Adımlarımızı atarken bıraktığımız izler, parmak izlerimiz kadar özel, parmak izlerimiz gibi eşsiz ve benzersiz. Başkasının izine karışamaz insanın izi, aynı yolda yürüse bile. Çünkü herkesin yürüdüğü yolu nasıl algıladığıdır ayak izlerinde fark yaratan. Büyürken sen de kendine has, sadece senin olan izleri bıraktın arkanda. Bilirsin dünyada izi olmayan bir şey yoktur; kuşların gökyüzünde, karıncanın toprakta, kalemin kağıtta, gözyaşının yanakta, tebessümün dudakta, insanın bir omuzda izi kalır. Ardından zaman içinde o izler toplanır kum tanelerinin bir araya gelmesi gibi birleşir ve kişiyi oluşturur. Doğrusu yanlışı, güzeli çirkini, iyisi kötüsü her şeyle bir bütündür insan. Kendine özgüdür tüm parçaların birleşimi. Bunun yanında bir de kişi yanındakilerin de izini taşır içinde. Yolu ortak kılan birbirimizin içinde bıraktığımız izlerdir o yüzden. Şimdi geriye bakıyorum izler bıraktığımız yollara; bazıları çiçekler açmış, bazısında kara kış hüküm sürmekte, bazıları henüz belirsiz. Nasıl anımsıyorsak bir anıyı, ona göre adlandırıyoruz o yoldaki taşı da çiçeği de. Yine de yolun sonunda dönüp baktığında en güzeli ne biliyor musun; "yaşamış olmak" hissi. Çünkü o izler bazen göğsünde açan gonca gül, bazen o goncayı besleyen su ve ışık, bazen onu solduran, yıpratan soğuk ve sert rüzgar oluyor. Çünkü o izler bazen meyve veren ağaç, bazen dikeni batan kaktüs oluyor. Bakıyorsun o çeşitlilik içinde gönlünü yoran ve ruhunu hafifleten şeylere; iyi ki diyorsun, iyi ki böyle izlerim var çünkü yaşadım.

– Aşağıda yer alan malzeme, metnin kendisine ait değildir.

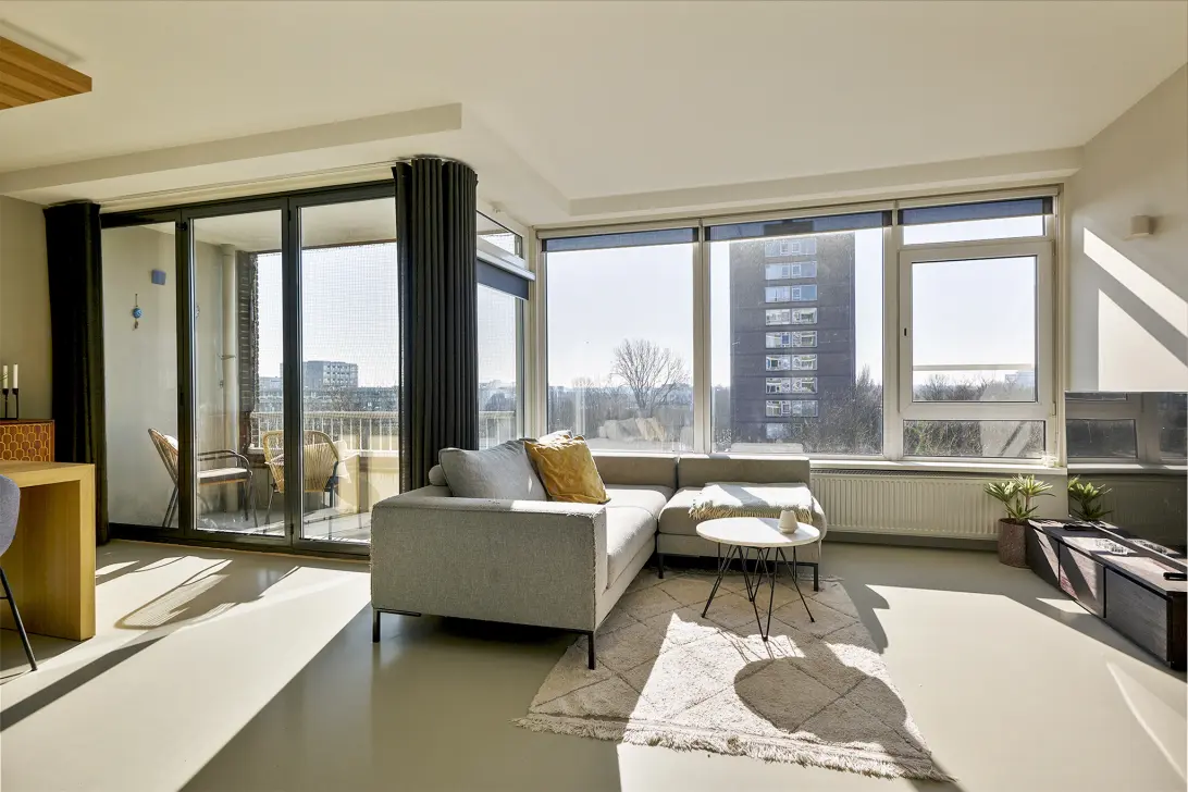 Hoogwaardig en doordacht verbouwd tweekamerappartement van 67m² met een balkon van 4m² op het zuiden en een (fietsen)berging van 6m² in de onderbouw. De woning is gelegen op de zesde verdieping van een goed onderhouden appartementencomplex. Dit fijne appartement beschikt over grote raampartijen waardoor er veel natuurlijk licht binnenvalt. De woning heeft een ruime woonkamer, een fijne slaapkamer en een moderne keuken en badkamer. Vanaf het balkon geniet u van een vrij uitzicht en volop privacy. De erfpachtcanon is reeds eeuwigdurend afgekocht!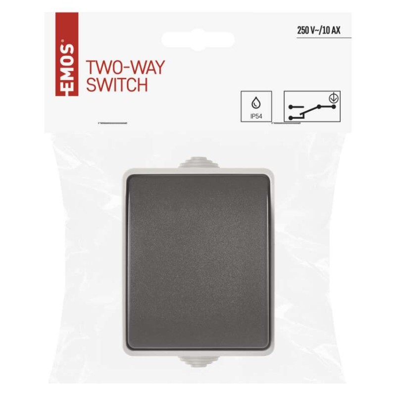 Kvalitný prepínač schodiskový vodeodolný.
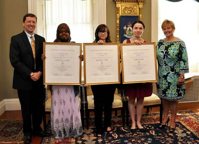 First lady Ann LePage and MCCS President John Fitzsimmons presented the three students with awards and $2,500 checks during a June 19 Blaine House ceremony. The prize money was donated by U.S. Cellular.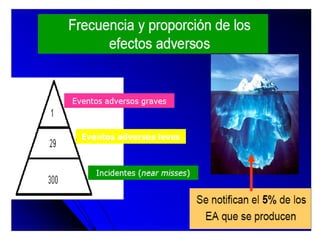 Este documento discute la gestión de riesgos y seguridad del paciente en servicios de salud pública. Explica que es importante hacer las cosas correctamente y de manera segura para mejorar la calidad y continuidad del cuidado al paciente. También analiza los errores médicos, su prevalencia, y la importancia de implementar sistemas para reportar eventos adversos para prevenirlos en el futuro.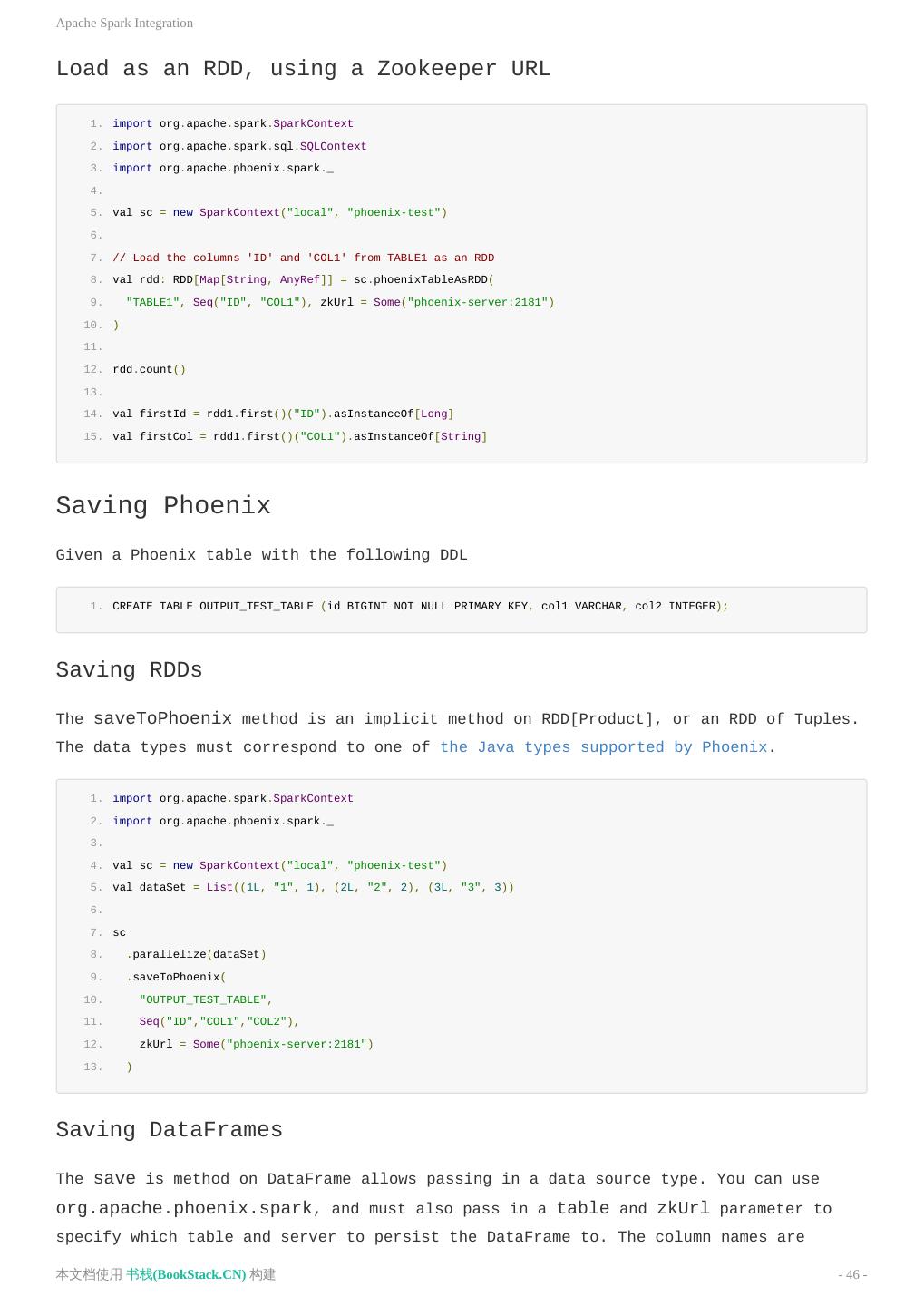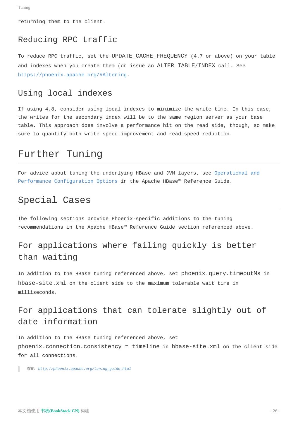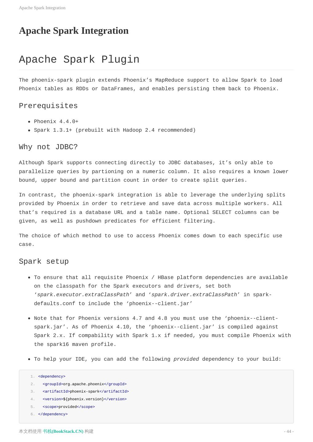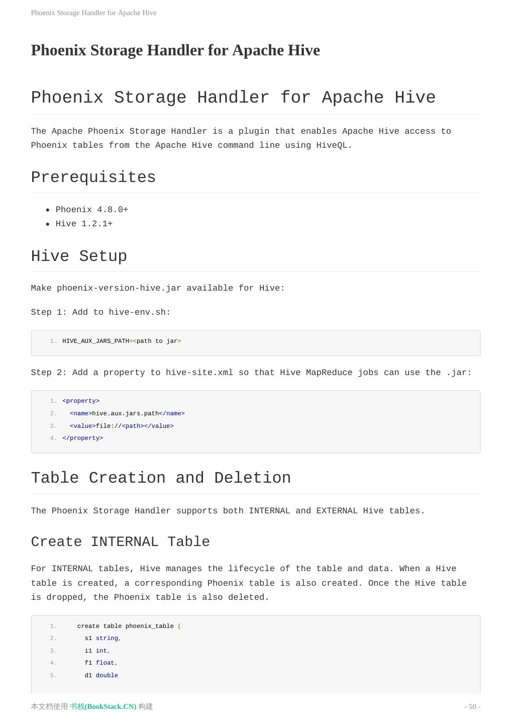 3 .致谢 致谢 当前文档 《Apache Phoenix使用文档(英文)》 由 进击的皇虫 使用 书栈(BookStack.CN) 进行构建,生 成于 2018-07-15。 书栈(BookStack.CN) 仅提供文档编写、整理、归类等功能,以及对文档内容的生成和导出工具。 文档内容由网友们编写和整理,书栈(BookStack.CN) 难以确认文档内容知识点是否错漏。如果您在阅读文档 获取知识的时候,发现文档内容有不恰当的地方,请向我们反馈,让我们共同携手,将知识准确、高效且有效地传递 给每一个人。 同时,如果您在日常工作、生活和学习中遇到有价值有营养的知识文档,欢迎分享到 书栈(BookStack.CN) , 为知识的传承献上您的一份力量! 如果当前文档生成时间太久,请到 书栈(BookStack.CN) 获取最新的文档,以跟上知识更新换代的步伐。 文档地址:http://www.bookstack.cn/books/Apache-Phoenix-en 书栈官网:http://www.bookstack.cn 书栈开源:https://github.com/TruthHun 分享,让知识传承更久远! 感谢知识的创造者,感谢知识的分享者,也感谢每一位阅读到此处的读者,因为我们 都将成为知识的传承者。 本文档使用 书栈(BookStack.CN) 构建 - 3 -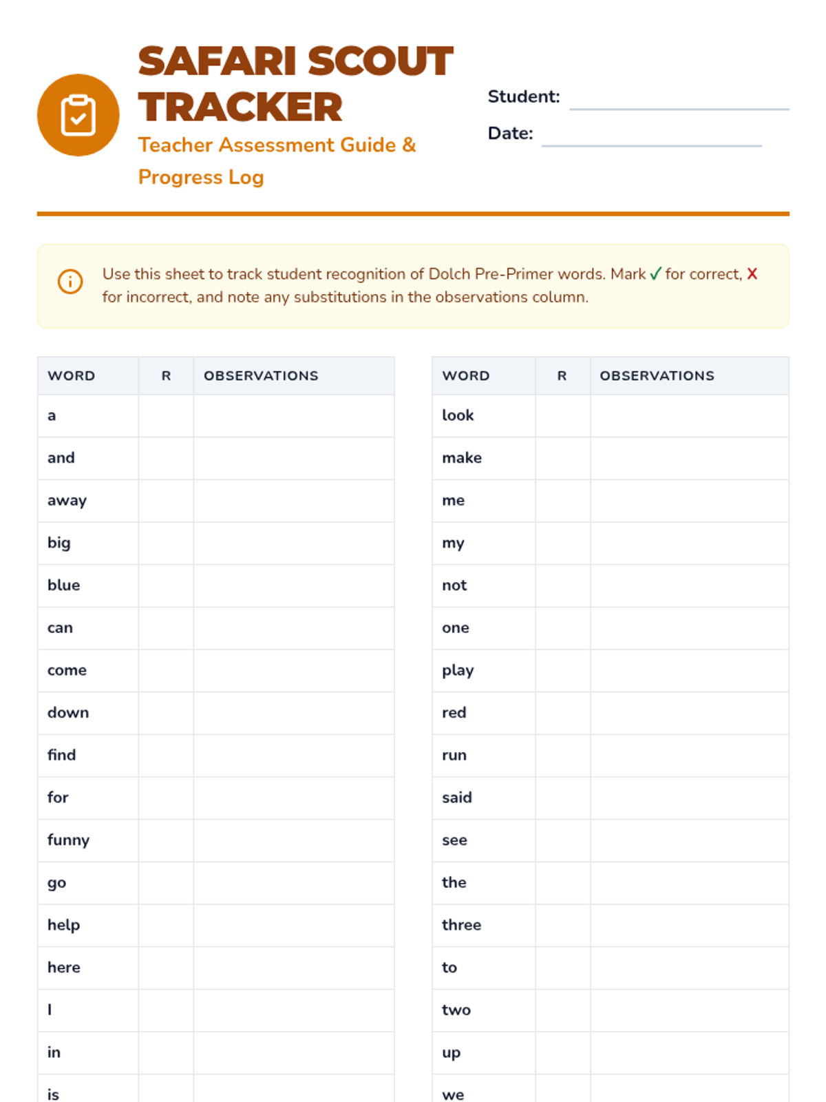 A beginner's journey through the Dolch Pre-Primer sight words, featuring interactive review slides and a 'Safari' themed assessment to track word recognition.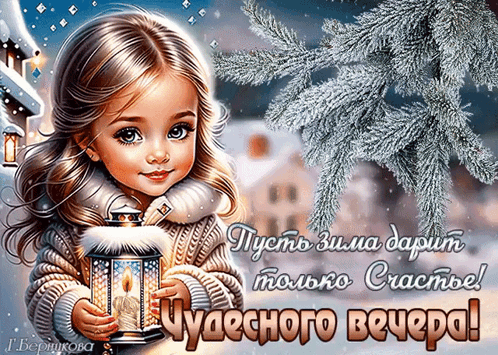 Cute little girl in a winter coat holding a glowing lantern, with a snowy fir branch and house in the background. Wishing happiness and a wonderful evening.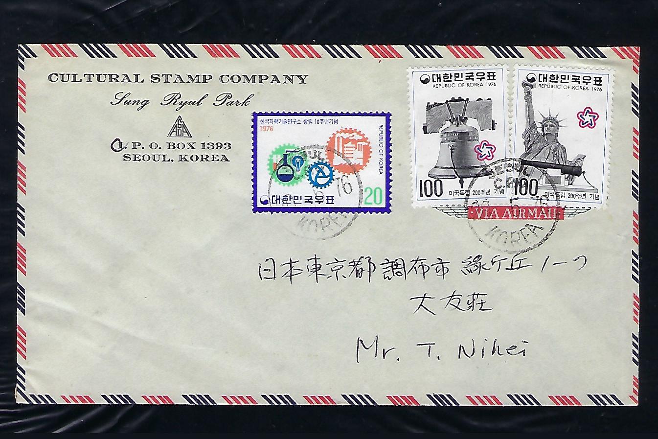 미독립 자유의 종.자유의 여신 2장 과 한국과학기술 연구소 10년우표 실체봉피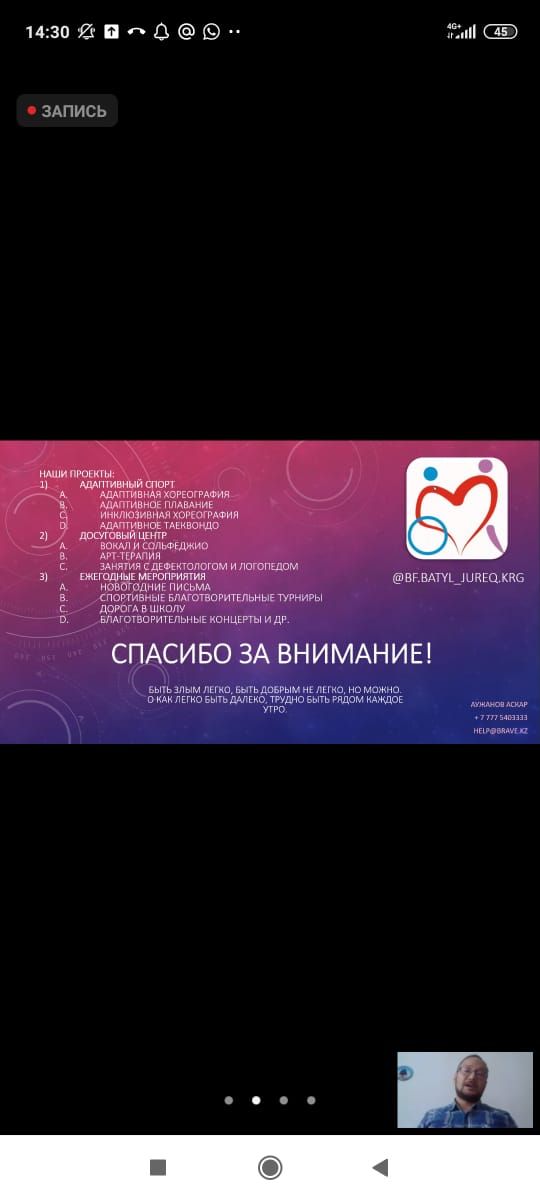 В рамках областного проекта «Өнегелі өмір» состоялась онлайн встреча с директором ОФ «Благотворительного фонда BATYL JUREQ» Аужановым Аскаром Тукеновичем.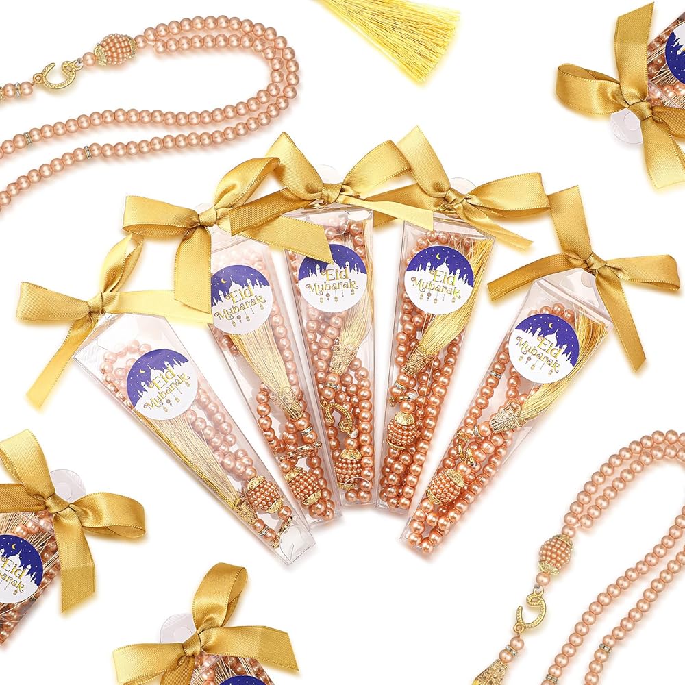 • Attention to Detail and Quality: each exquisite Muslim prayer beads gift boxes has been meticulously designed for quality and aesthetic appeal; Rosary beads are made from 99 champagne colored glass imitation pearls, providing a delicate and quality feel; The conical outer packaging features intricate sticker patterns and bow decorations, enhancing the attractiveness of each box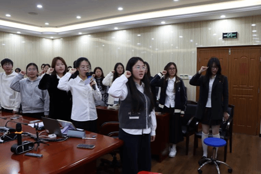 批评与自我批评环节中,支部书记带头自查,反思活动策划缺创新、沟通深度不足等问题,团员依次发言,从理论学习主动性不足、先锋模范作用发挥不充分、时间统筹能力薄弱等方面深刻剖析自身问题,团员互评直截了当,既指出他人短板,也提出改进建议。最后,2024级本科法语一班团支部全体同学以及到会团支部书记一起重温入团誓词,以铿锵誓言坚定使命担当。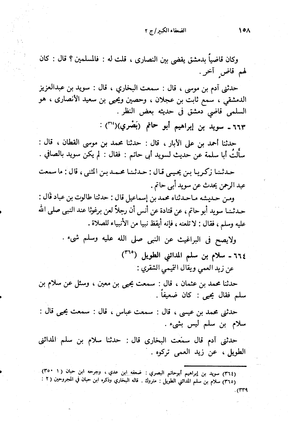 §664 - سَلَّامُ بْنُ سَلْمٍ الْمَدَائِنِيُّ الطَّوِيلُ عَنْ زَيْدٍ الْعَمِّيِّ، وَيُقَالُ التَّمِيمِيُّ الشَّقَرِيُّ. حَدَّثَنَا مُحَمَّدُ بْنُ عُثْمَانَ قَالَ: سَمِعْتُ يَحْيَى بْنَ مَعِينٍ، وَسُئِلَ عَنْ سَلَّامِ بْنِ سَلْمٍ، فَقَالَ يَحْيَى: كَانَ ضَعِيفًا. حَدَّثَنِي مُحَمَّدُ بْنُ عِيسَى قَالَ: سَمِعْتُ عَبَّاسًا قَالَ: سَمِعْتُ يَحْيَى قَالَ: سَلَّامُ بْنُ سَلْمٍ لَيْسَ بِشَيْءٍ. حَدَّثَنِي آدَمُ قَالَ: سَمِعْتُ الْبُخَارِيَّ قَالَ: حَدَّثَنَا سَلَّامُ بْنُ سَلْمٍ الْمَدَائِنِيُّ الطَّوِيلُ، عَنْ زَيْدٍ الْعَمِّيِّ، تَرَكُوهُ. حَدَّثَنَا أَحْمَدُ بْنُ مَحْمُودٍ قَالَ: سَمِعْتُ الْأَعْيَنَ قَالَ: سَمِعْتُ أَبَا نُعَيْمٍ ضَعَّفَ سَلَّامَ بْنَ سَلْمٍ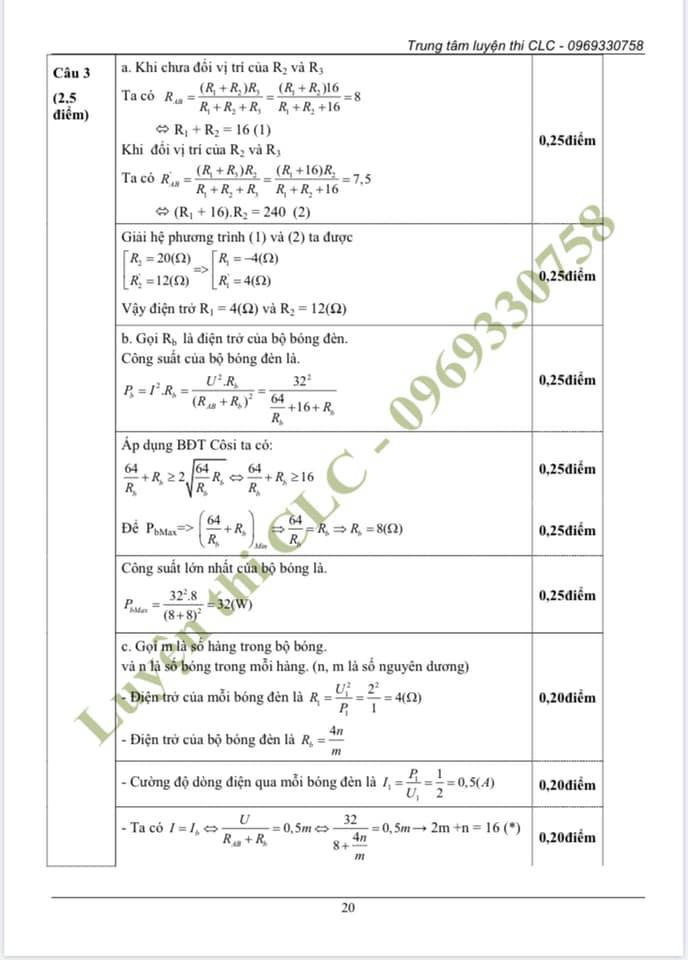 Đề thi và đáp án môn Lý - tuyển sinh vào lớp 10 THPT chuyên Vĩnh Phúc năm 2018 - 2019

Gel şimdi bizim birbirimizde bıraktığımız izlere bakalım. Yollar bazen farklı bazen aynı, izler zaten kendimize has, ee peki nedir bizi birbirimize yoldaş eden, nedir bizi birbirimize dost eden?

Bunu da şu şekilde açıklayayım: İnsanın iki gözü vardır, biri gülerken diğeri ağlayamaz ya da biri ağlarken diğeri gülemez. Sen ve ben dünyayı gören bir çift gözüz, birlikte farklı açılara bakabiliyoruz, farklı netlikte görebiliyoruz ama aslolan senden yana olan gözden yaş akıyorsa benim de gözümden yaş akıyor, senin tarafında olan gözün içi gülüyorsa benim de gözümün içi gülüyor. Birbirimizin duygularını birlikte yaşıyoruz, işte bizim iki farklı insan olup birbirimizde iz bırakmamızın sebebi bu. Çünkü akan gözyaşı yanaklarımızda farklı iz bırakırken aynı çenede birleşip beraber yere düşüyor, mutlu olduğumuzda dudaklarımız aynı anda kıvrılıyor. İnsan insana dost olunca onunla aynı yaşamaz ama onunla aynı anda yaşar her duygusunu. O sebeptendir ki senin başarın benim başarım kadar kıymetlidir gözümde, senin saadetin kendi saadetim kadar mühimdir, senin derdin senin sırtındaki yük kadar yüktür bana. İzlerimiz kendine has dahi olsa aynı yerden doğma; hakiki bir yürekten, içten bir sevgiden. O yüzden omzumda elinin izi, omzunda elimin izi olacak hep. Her yaşında, her adımında farklı yolda ya da farklı hayatta ama o gözler hep birlikte gülecek ve ağlayacak. O eller hep o omuza destek olacak. “Ben sana güveniyorum" diyen ses hep yanında kalacak. Bunları okurken yüreğinde oluşan his benim sendeki izimdir. Bunu yazarken içimde ifade etmekte yetersiz kaldığım her güzellik senin bendeki izindir. İzlerinle iyi ki varsın, izlerinle hep var ol. Büyümek yeni izler bırakma şansıdır hayata, büyümek bir bakıma onarmaktır ve doğurmaktır geleceği tek bir elden. Literatürde yeri olmasa da hep var olan “küçük bir kızın umudu ve inancıyla” yaşa, yirmi iki sene önce gözünü dünyaya açan ve hayata bağlanmak için mucize yaratan bir bebek gibi yaşa. Hayata tutunmak için tek bir şansımız var unutma.